В манипуляционной, где для пришедших организовали встречу, стоял против окна низкий деревянный топчан, из тех, что размещаются по санаторным пляжам. На нем боком пристроился тотчас задремавший Гупало; а сам Титаренко, вскоре утратив последнее терпение, выпростал из старухиных фаланг непослушную жестянку, полуприсел на крышку стола и затеял было помочь – в надежде поскорее избавиться от зрелища, не предназначенного для его истонченных душевных составов. Но дело не шло.
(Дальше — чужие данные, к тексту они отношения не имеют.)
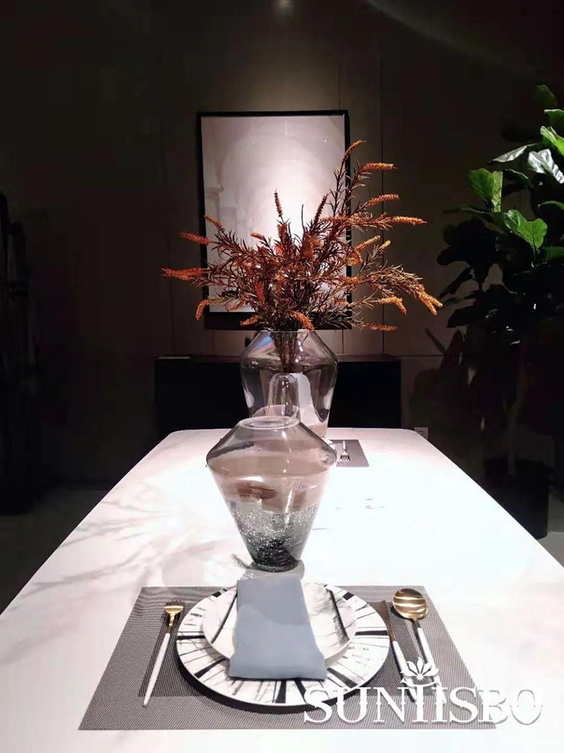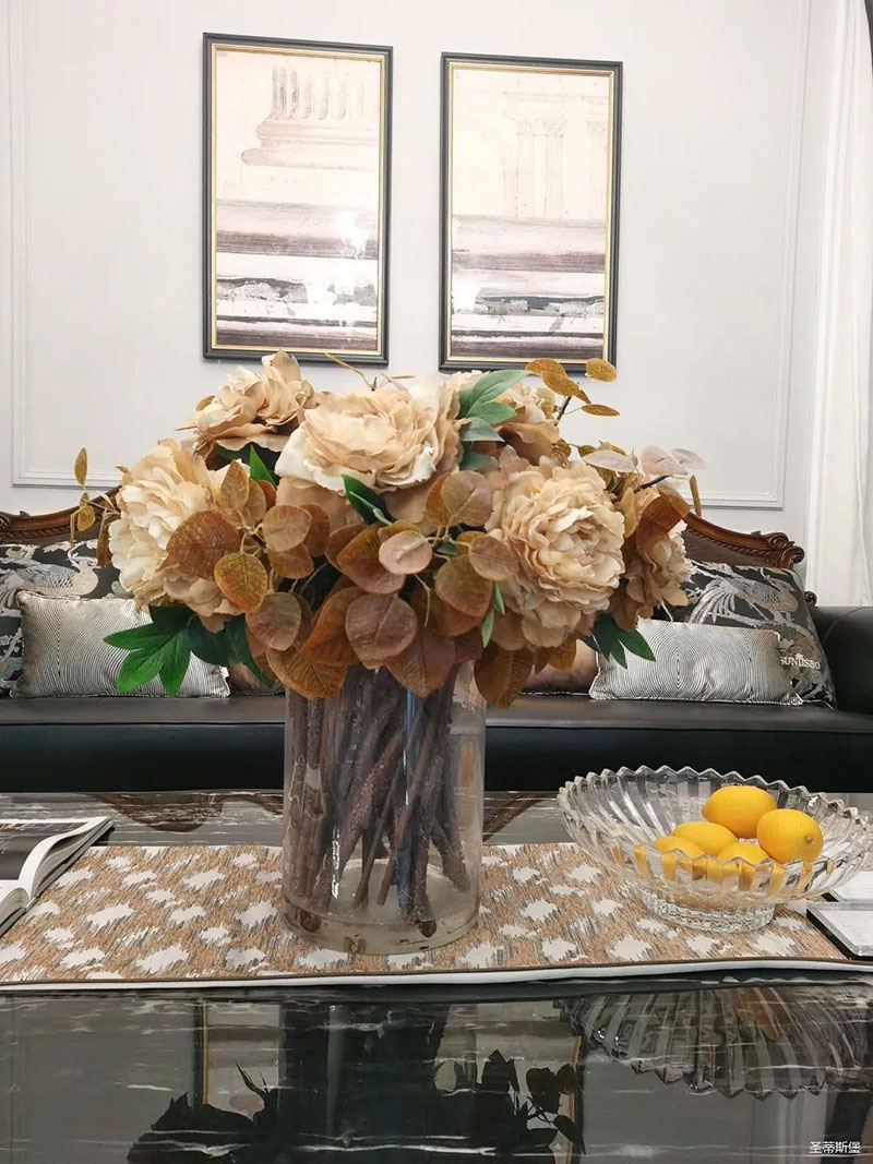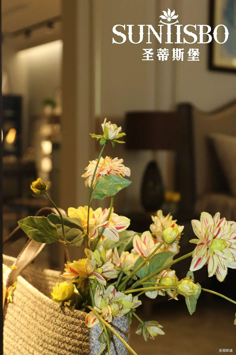 3.輕奢的配飾也需邀來似錦繁花相稱。色彩跳脫的植物更為亮眼,讓自然界的色彩與姿態(tài)應和空間之間的協(xié)調,傳遞空間與情感的共鳴。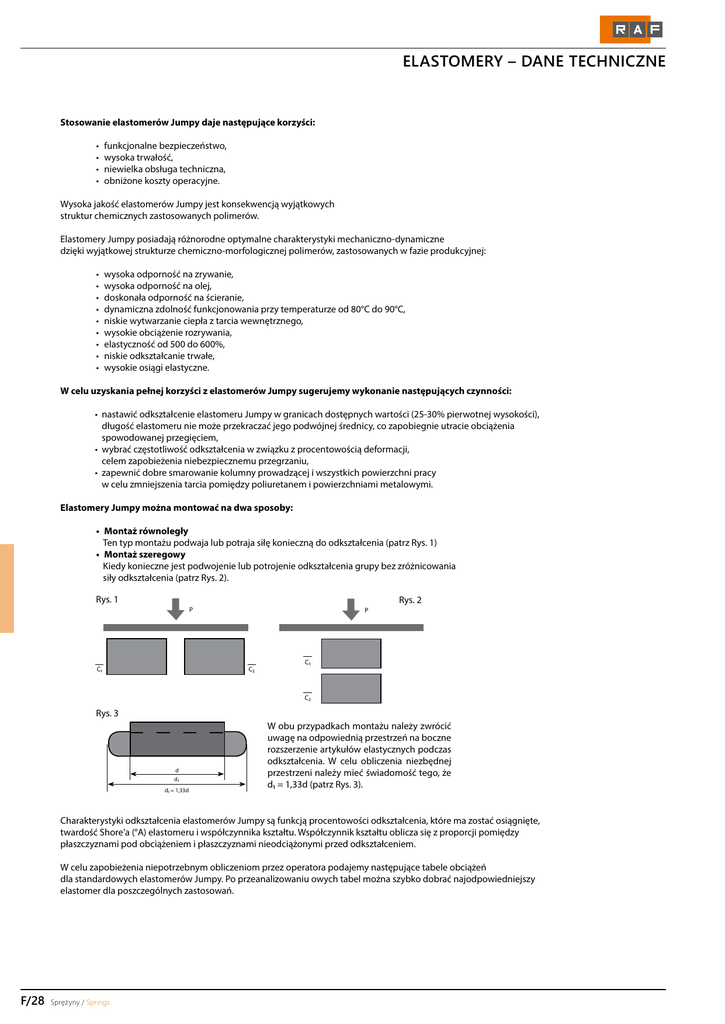 elastomery – dane techniczne - RAF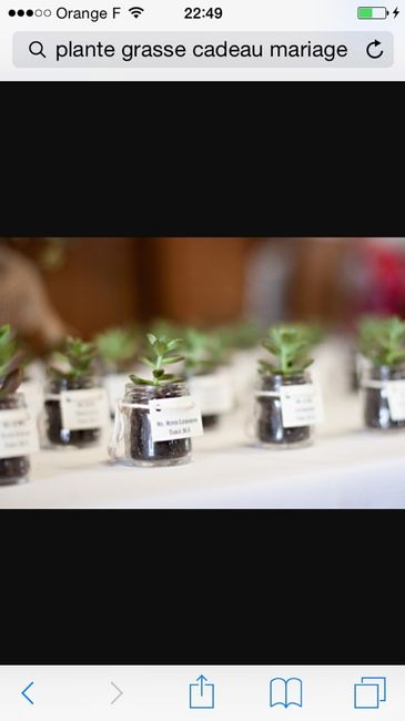 Bonjour, Notre thème est nature , blanc vert et marron clair. Nous aurions voulut offrir à nos invités à la place des traditionnels dragées des petites plantes grasses... Nous aurions voulut les faire pousser nous même au lieu de les acheter déjà...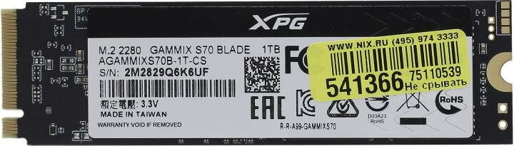 Накопитель SSD 1Tb ADATA XPG Blade S70 (AGAMMIXS70B-1T-CS)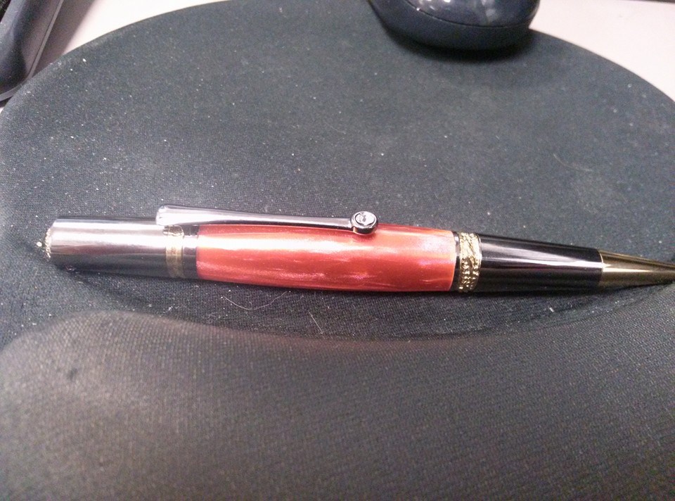 I am far from a photographer as many allready know. I fiugred I would show you all my current carry pen. Sometimes it's orange, red, and other colors. It just depends on what kind of light is hitting it, it's angle, my angle to it.

Калека ежеминутно подкидывала головою, как бы страшась подносимого следователем Александром Ивановичем глотка пищи. Приходилось касаться ее затылка и темени, отчего старуха начинала рычать и вырываться, норовя сбросить тарелку на пол или угодить в манку по самые уши.
– Ну во такочки, во такочки, – приговаривал Титаренко, – сейчас покушаем и поговорим; потому что невозможно…
– Ой, бую-у-усь! – с пронзительною хрипотою закричала Асташева. – Ой, буюся-а-а!!
Вонючий воздух снова понесся из титаренковской гортани: все в нем стало мокрая резь и набухло клейким. Через силу не валясь, он уцепился за края поехавшего к стене, вымазанного кашею стола – и увидел, что свадебные гости опешили, когда Стецько плюнул матери в глаза. Она принялась перемаргивать и утираться, повторяя «буюсь-буюсь».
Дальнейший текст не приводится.